On 11/23/2015 07:11 PM, Jaehoon Chung wrote:
> Dear, Jorge.
>
> On 11/24/2015 02:29 AM, Jorge Ramirez-Ortiz wrote:
>> On 11/23/2015 11:57 AM, Doug Anderson wrote:
>>> Jorge,
>>>
>>> On Mon, Nov 23, 2015 at 6:10 AM, Jorge Ramirez-Ortiz
>>> <[email protected]> wrote:
>>>> Doug/Jaehoon,
>>>>
>>>> Were there any follow ups to this thread [1] from March 30, 2015?
>>>> We are seeing HLE errors on 3.18 and we are trying to determine if a solution
>>>> was ever delivered.
>>>> On inspection, I can't find anything specific in recent kernels that address
>>>> this particular issue (was the actual root cause identified?)
>>>>
>>>> I put together a possible work-around that avoids the HLE storm from occurring
>>>> for this specific SoC [2].
>>>> However we'd rather not merge this -or any other similar fix- if there is a
>>>> generic solution already that we can pick up from mainline.
>>> Nothing landed that I'm aware of. Are you on SDIO, SD or eMMC?
>>> Trying to do UHS?
>> SD even without UHS (yet, that is coming now)
> If you want to use the upper mode than UHS-DDR50 for SD-card, you need to apply the below patch.

ACK

>
> https://patchwork.kernel.org/patch/7456121/
>
> Actually, this is not relevant to HLE error.
>
> When sd-card is inserted/removed quickly, then sometime dwmmc controller is occurred the HLE error.
> (Now, i can't see HLE error.)
> So i had applied the some reset processing at my official repository.(It's not generic solution.)

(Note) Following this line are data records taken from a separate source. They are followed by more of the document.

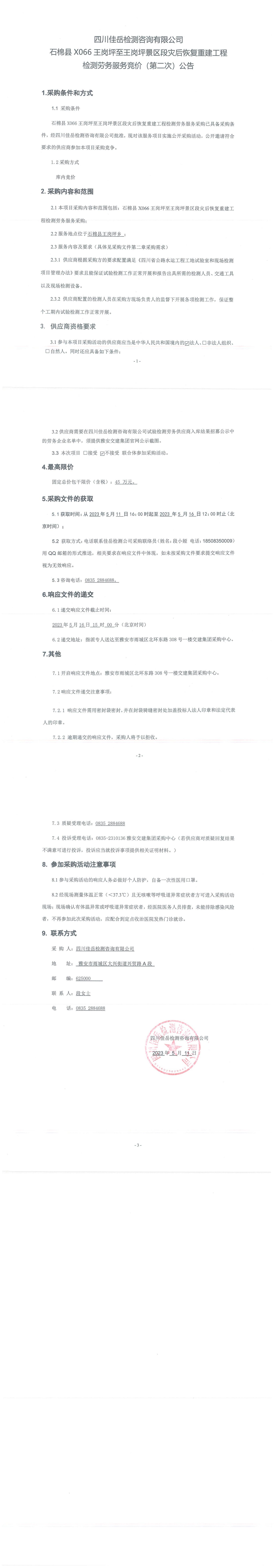 四川佳岳檢測咨詢有限公司石棉縣X066王崗坪至王崗坪景區(qū)段災(zāi)后恢復(fù)重建工程檢測勞務(wù)服務(wù)競價(jià)(第二次)采購公告
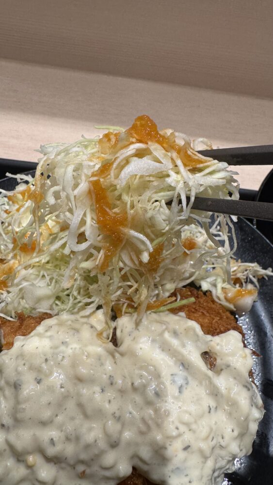 ▲タルタルソースで食べるチキンかつが濃厚で旨い。酸味もあって後味が重くならないのも良き。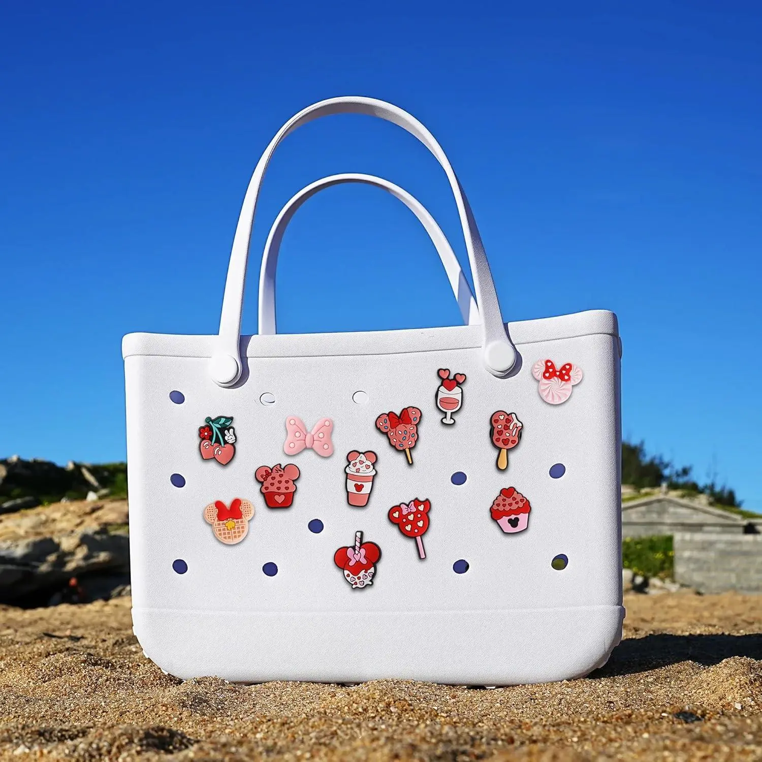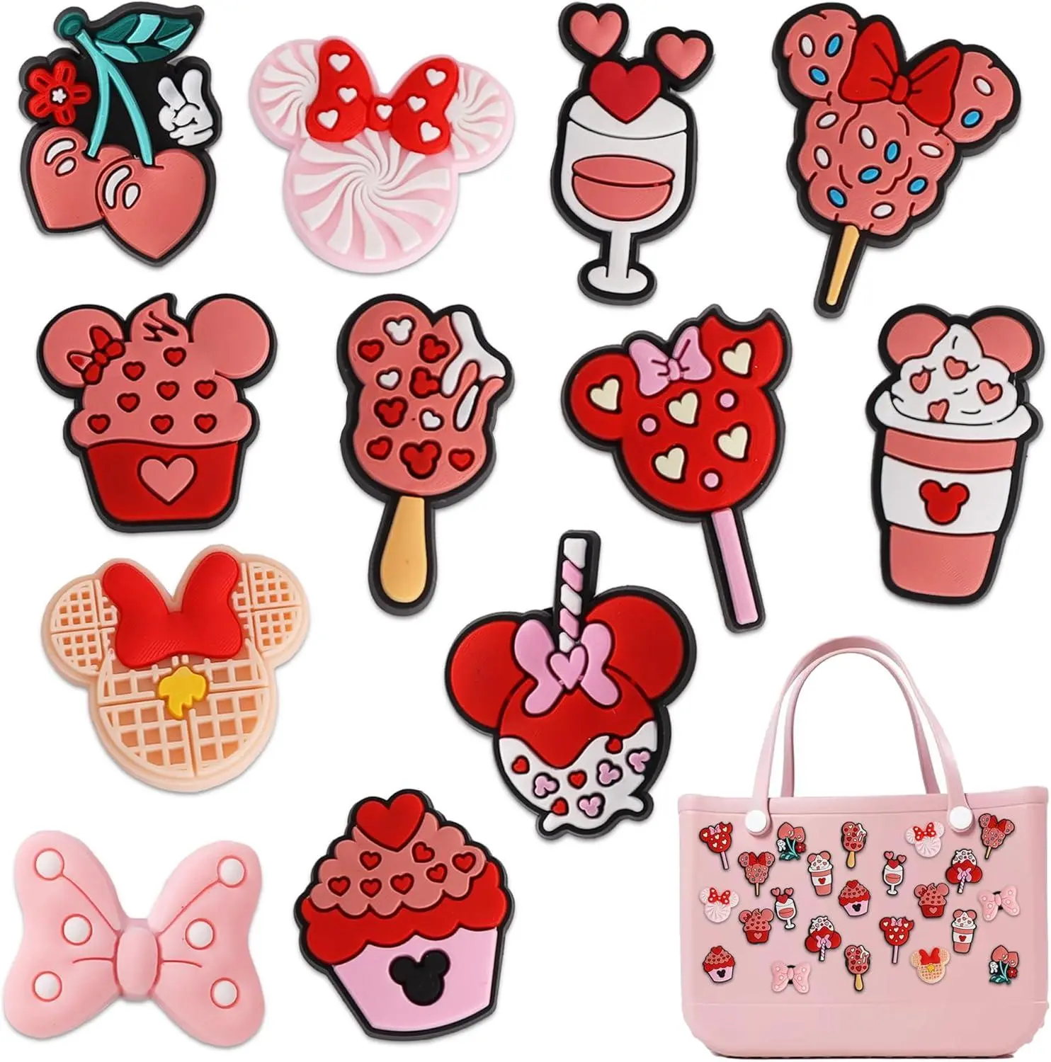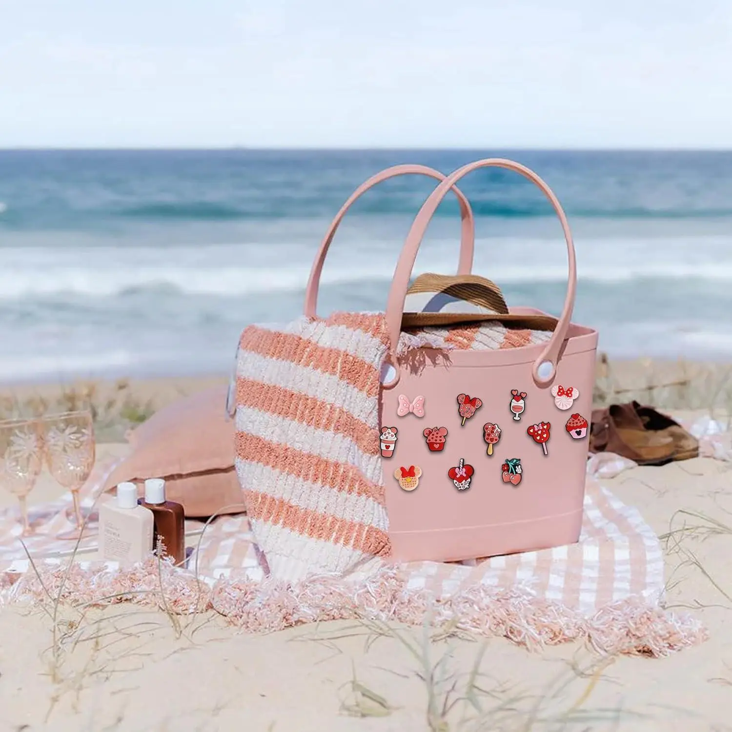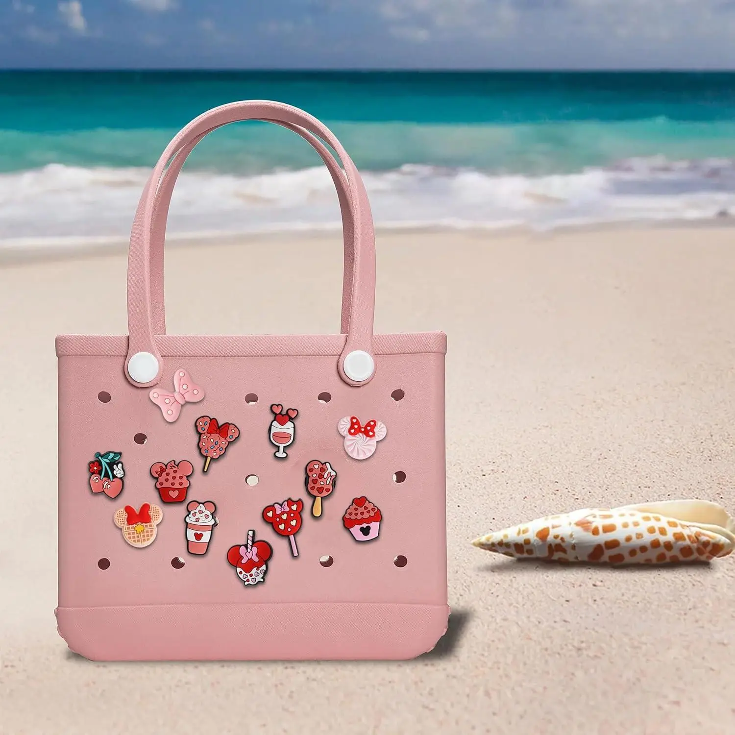 Beach Charms for Bogg Bag, Cute Pink Mouse Theme Decoration Charm Accessories for Rubber Tote Handbag Beach Bag

Thanks, I'll have a look now.

I believe this to be your official repo:
https://github.com/jh80chung/dw-mmc

Please let me know if it is not.


>
>>> I know that this patch mattered for me for UHS:
>>>
>>> 7c5209c315ea mmc: core: Increase delay for voltage to stabilize from
>>> 3.3V to 1.8V
>>>
>>>
>>> Also important for UHS (for at least some folks) were patches like:
>>>
>>> 9c85f37a2984 mmc: core: Add mmc_regulator_set_vqmmc()
>>>
>>> ...that attempted to get voltages more proper...
>> ack
>>
>>>
>>> In the ChromeOS tree we did just land treating HLE errors as data and
>>> cmd errors <https://patchwork.kernel.org/patch/5978711/>. It's not
>>> wonderful but it's better than letting an interrupt go off forever...
>> Yes I did try this patch on 3.18 but it didn't seem to be enough for us.
>> Even though it would prevent the interrupt storm from flooding the kernel, once
>> the event triggered and the interrupt was handled no more card
>> insertions/ejections would be detected.
> If HLE error will be reproduce with the generic sequence, I think we can find the generic solution.
> So could you explain to me in more detail? If i can reproduce with v3.18, i will try to test it.
> Your case will be helpful to me for solving the HLE error.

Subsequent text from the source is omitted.